Defendants have not suggested that ICRS rules allow a complaint examiner to ignore other information in the complaint and reject the complaint as untimely based solely on the information the inmate puts in the “date of incident” box. In any event, the rules do not define the phrase “occurrence giving rise to the complaint,” and there is no rule stating that the date listed in the box is dispositive.
Even if the inmate complaint could be reasonably interpreted as having arisen out of an occurrence that took place no later than July 6, 2010, plaintiff made clear on appeal to the appropriate reviewing authority that the problem was ongoing by explaining that he mistakenly forgot to mention in his original complaint that he had seen the doctor as recently as August 2 or 3, 2010. The reviewing authority completely ignored plaintiff's attempt to correct his complaint and affirmed the rejection of the complaint without further comment. In their reply brief in this court, defendants likewise ignore this issue and do not offer any legal justification for the appropriate reviewing authority's refusal to acknowledge plaintiff's attempt to change the date he wrote in the box. Having reviewed DOC Chapter 310, I can find no rule stating that a plaintiff cannot correct or clarify his inmate complaint on appeal to the appropriate reviewing authority, and so to the extent the initial rejection of the complaint was appropriate (it was not), it should have been reinstated once plaintiff explained that the most recent denial of treatment occurred on August 2 or 3, 2010. Accordingly, plaintiff has properly exhausted all available administrative remedies in accordance with § 1997e(a).
III. CONCLUSION
For the reasons stated, IT IS ORDERED that defendants' motion for summary judgment is DENIED.
IT IS FURTHER ORDERED that defendant's motion to stay discovery pending a decision on the motion for summary judgment is DENIED as MOOT.

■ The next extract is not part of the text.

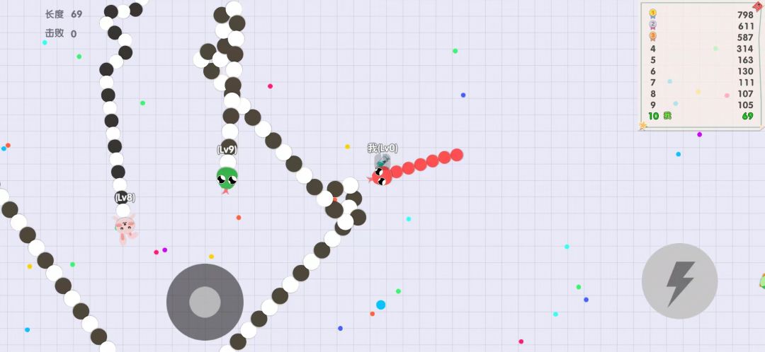 控制你的蛇,吃掉食物,变成巨大的蛇.

IT IS FURTHER ORDERED that plaintiff's “motion for affirmance of facts” is GRANTED as unopposed.
FINALLY, IT IS ORDERED that plaintiff's motion to appoint counsel is GRANTED. I find that plaintiff has made reasonable attempts to obtain counsel on his own and that, given the complexity of the medical issues involved in this case, he is not competent to litigate on his own. See Pruitt v. Mote, 503 F.3d 647, 654 (7th Cir.2007) (en banc). The parties are advised that it may take some time for the court to recruit pro bono counsel and that a separate order will be issued once counsel is found.